令和3年4月1日以後開始事業年度等分申告書確認表(単体法人用)

国税庁のHPを見るに、平成27年3月期以降分から公表されているようですので、7年ほど運用されているようですが、あまり利用されていないのではないかと思います。

なぜ活用した方がいいのか?

端的に言うと、実際によくある間違いがチェック項目になっているからです。

中小企業など、税理士が日々の記帳から決算、申告書の作成まで行っている場合は、一連の取引がプロの目を通っていますので、チェック項目に挙がっているような間違いは基本的には生じないと思います(実際のところは、担当者のスキルによりけりかもしれませんが)。

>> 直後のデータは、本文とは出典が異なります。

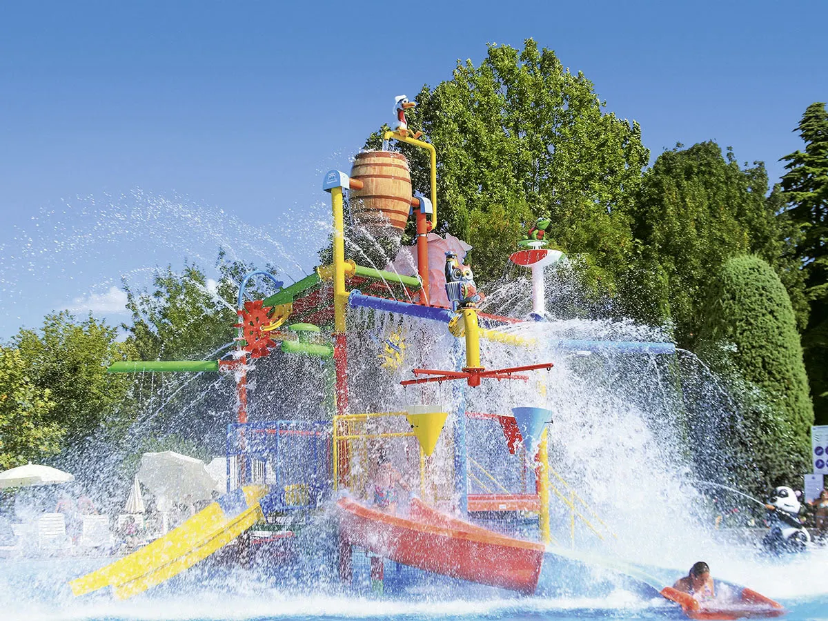 - Happy Camp-receptie, WiFi (in de openbare ruimtes inclusief), 4 restaurants, pizzeria, snackbar, supermarkt. In het ruime zwembadlandschap met 8 zwembaden (ca. april-september), waterglijbanen, kinderbereiken, terrassen en ligweide (ligbedden en parasols op basis van beschikbaarheid, tegen betaling). Landscategorie 5 sterren.
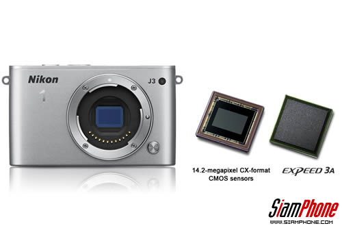 Nikon เปิดตัวกล้อง Mirrorless เปลี่ยนเลนส์ได้รุ่นใหม่ล่าสุด Nikon 1 J3 ออกแบบมาให้มีความเรียบหรู ทันสมัย ขนาดกะทัดรัด ตัวเครื่องทำมาจากเมทัลลิคมีขนาด 101 x 60.5 x 28.8 มิลลิเมตร น้ำหนักรวมแบตเตอรี่ 244 กรัม มาพร้อมกับเซ็นเซอร์ CMOS รูปแบบ CX ความละเอียด 14.2 ล้านพิกเซล หน้าจอ LCD 921k-dot ที่ให้มุมมองได้กว้างขึ้นกว่ากล้องดิจิตอล Nikon 1 รุ่นอื่น และแฟลช i-TTL ซึ่งสามารถเปิดขึ้นอัตโนมัติเมื่อต้องการแสงเพิ่ม
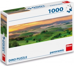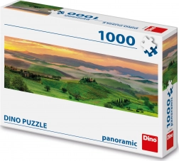 Užite si relax pri skladaní panoramatických puzzle s motívom hmlistého západu slnka nad zelenými kopcami. Kvalitná česká výroba DINO, presné výrezy a 1000 dielikov pre príjemnú výzvu. Odolný zdravotne nezávadný kartón, panoramatický formát a ideálny obraz na zarámovanie po dokončení.

対して、会社の経理部で申告書の作成まで行っている場合は、有資格者であったり、会計事務所の勤務経験がある方が担当されている場合であれば、さきほどと同じような状況にあるのかもしれませんが、実際はそのような状況にはないのではないかと思っています。

経理部の方は、日常業務をこなしつつ、申告書の作成も同時に行っていると思われ、申告書の作成だけに注力することはできないように思います。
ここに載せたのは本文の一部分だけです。